Canadian data consultant (born 1989)

Christopher Wylie (born 19 June 1989) is a British-Canadian data consultant. He is noted as the whistleblower who released a cache of documents to The Guardian he obtained while he worked at Cambridge Analytica. This prompted the Facebook–Cambridge Analytica data scandal, which triggered multiple government investigations and raised wider concerns about privacy, the unchecked power of Big Tech, and Western democracy's vulnerability to disinformation. Wylie was included in Time magazine's 100 Most Influential People of 2018. He appeared in the 2019 documentary The Great Hack. He is the head of insight and emerging technologies at H&M.
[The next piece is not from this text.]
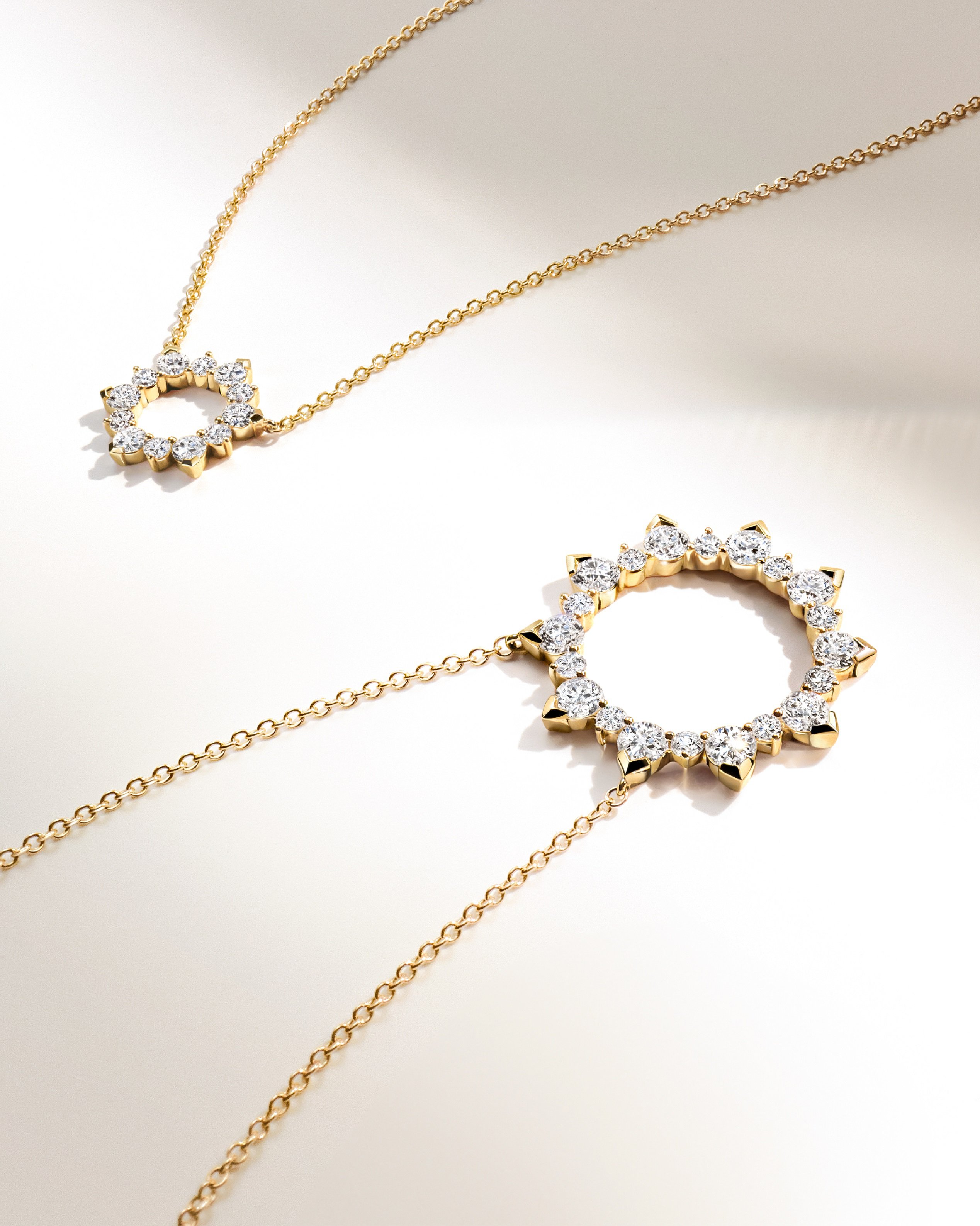 系列每款设计传递自然界瑰丽迷人的变幻之美,风格隽永迷人。Aerial Eclipse钻石项链圆环型设计点缀于颈畔,犹如日蚀般绽放光晕,赋予珠宝独特的吸引力与神秘感。
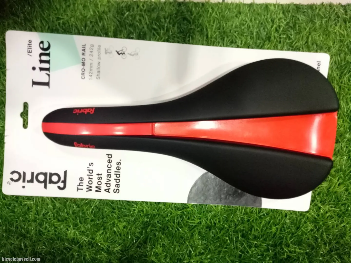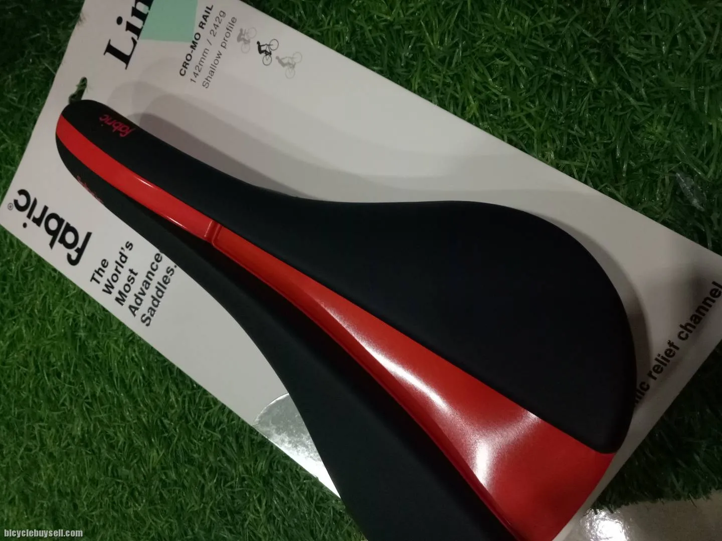 Brand new with red color design!! Fabric Saddle ðŸ˜ðŸ˜ðŸ˜ðŸ˜ðŸ˜ðŸ˜ Fabric Line 242gram Size 142mm Shallow profile -----> for roadbike / mtb yang biasa body 45 degree Fb: raja uda folding bike Heng 0164432074

==Early life and education==
Wylie was born to parents Kevin Wylie and Joan Carruthers, both physicians. He was raised in Victoria, British Columbia. As a child he was diagnosed with dyslexia and ADHD. After being abused at the age of 6 at the British Columbia Ministry of Education, which the school had tried to conceal, he sued. After a six-year legal battle, winning a settlement of $290,000 at the age of 14. The agency was also forced to overhaul its policies on inclusion and bullying. He left school in 2005 at the age of 16 without a qualification, and when asked about his "probable destiny" on his school leaver's yearbook page, he stated "just another dissociative smear merchant peddling backroom hackery in its purest Machiavellian form".

He taught himself to code at age 19.

In 2010, at the age of 20, he began studying law at the London School of Economics, graduating with a Bachelor of Laws in 2013, specialising in technology, media and IP law, and being awarded the Dechert Prize for Property Law.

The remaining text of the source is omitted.